▸ AIM OF THE EXERCISE
Copy out exactly, from the entries that follow, the line holding "Francobolli Repubblica Sociale", the line holding "从南宁南方向进城的大型货车:可提前在那马", and all lines between them, but no pictures.

(INPUT FOR THIS TASK Opens)

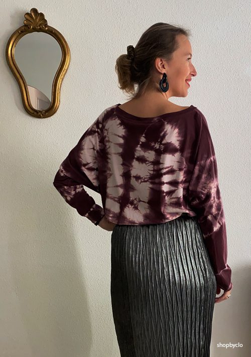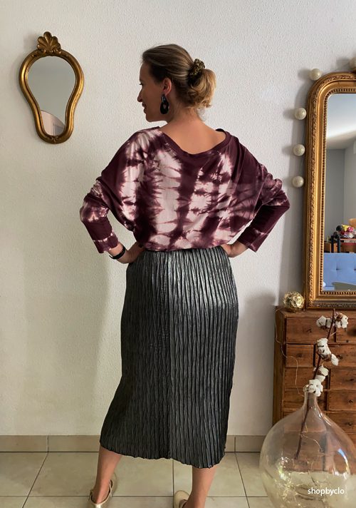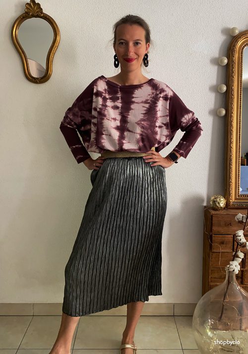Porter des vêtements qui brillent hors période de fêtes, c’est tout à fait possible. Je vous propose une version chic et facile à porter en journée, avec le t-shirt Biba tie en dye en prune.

(INPUT FOR THIS TASK Closes)
(INPUT FOR THIS TASK Opens)

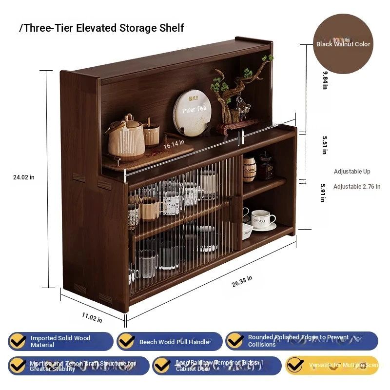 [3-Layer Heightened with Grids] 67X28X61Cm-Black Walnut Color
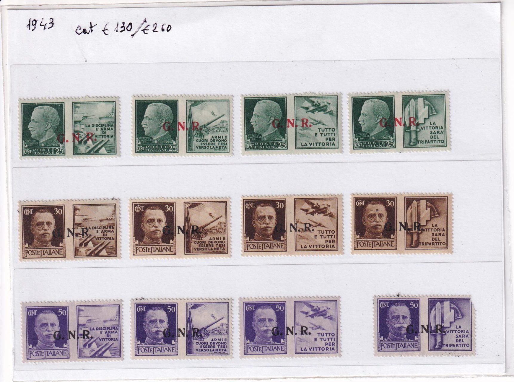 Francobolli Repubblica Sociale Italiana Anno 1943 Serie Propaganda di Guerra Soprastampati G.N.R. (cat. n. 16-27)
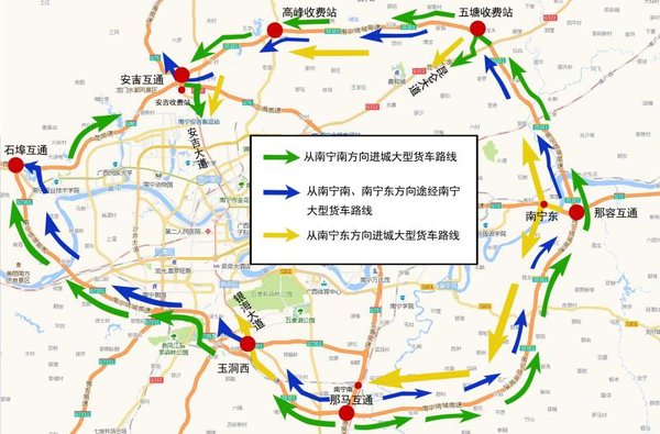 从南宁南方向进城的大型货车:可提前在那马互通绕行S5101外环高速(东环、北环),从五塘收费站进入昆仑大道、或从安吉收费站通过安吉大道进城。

(INPUT FOR THIS TASK Closes)
(INPUT FOR THIS TASK Opens)

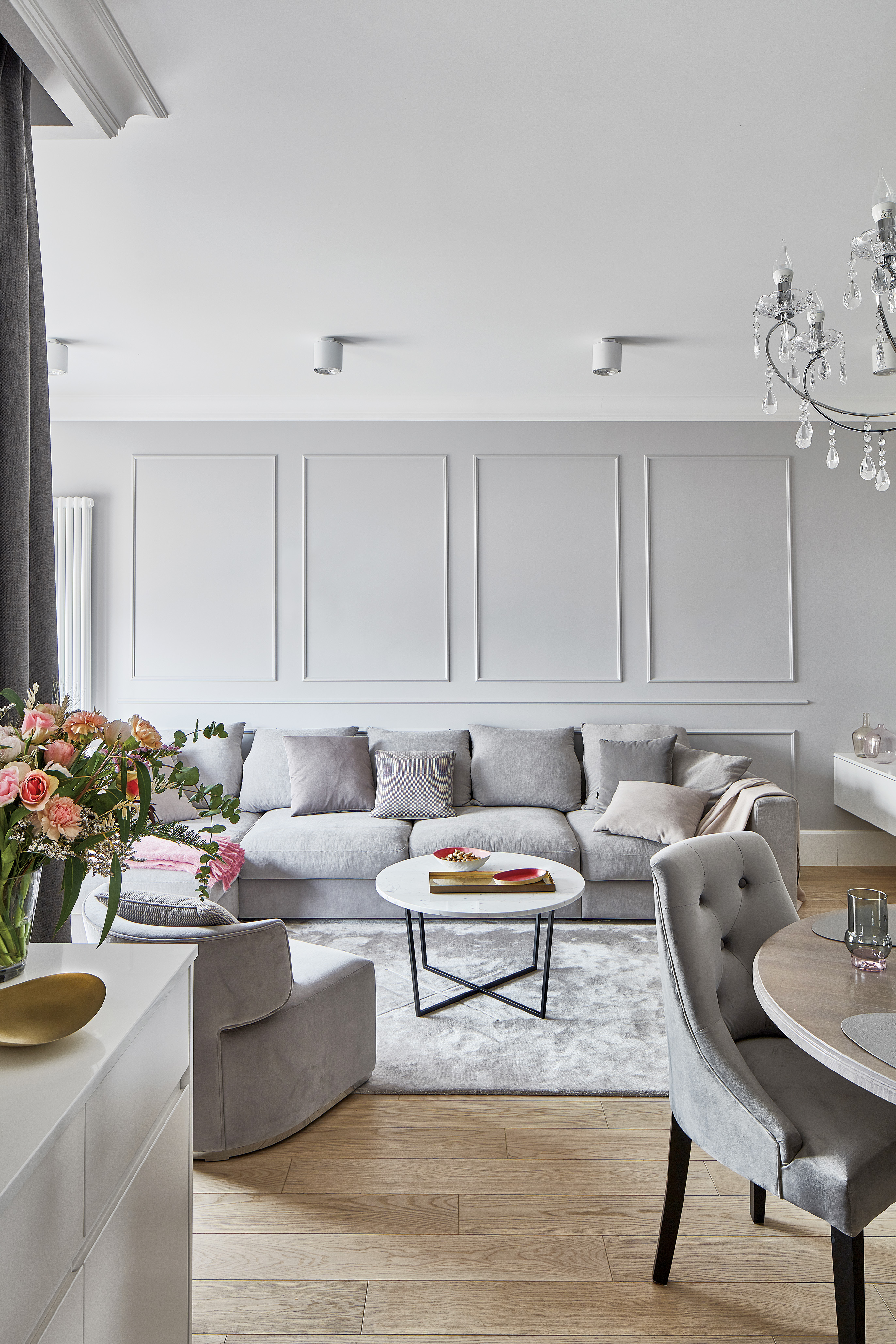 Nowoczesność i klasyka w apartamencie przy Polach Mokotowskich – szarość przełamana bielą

(INPUT FOR THIS TASK Closes)

▸ RESPONSE
 Francobolli Repubblica Sociale Italiana Anno 1943 Serie Propaganda di Guerra Soprastampati G.N.R. (cat. n. 16-27)
 从南宁南方向进城的大型货车:可提前在那马互通绕行S5101外环高速(东环、北环),从五塘收费站进入昆仑大道、或从安吉收费站通过安吉大道进城。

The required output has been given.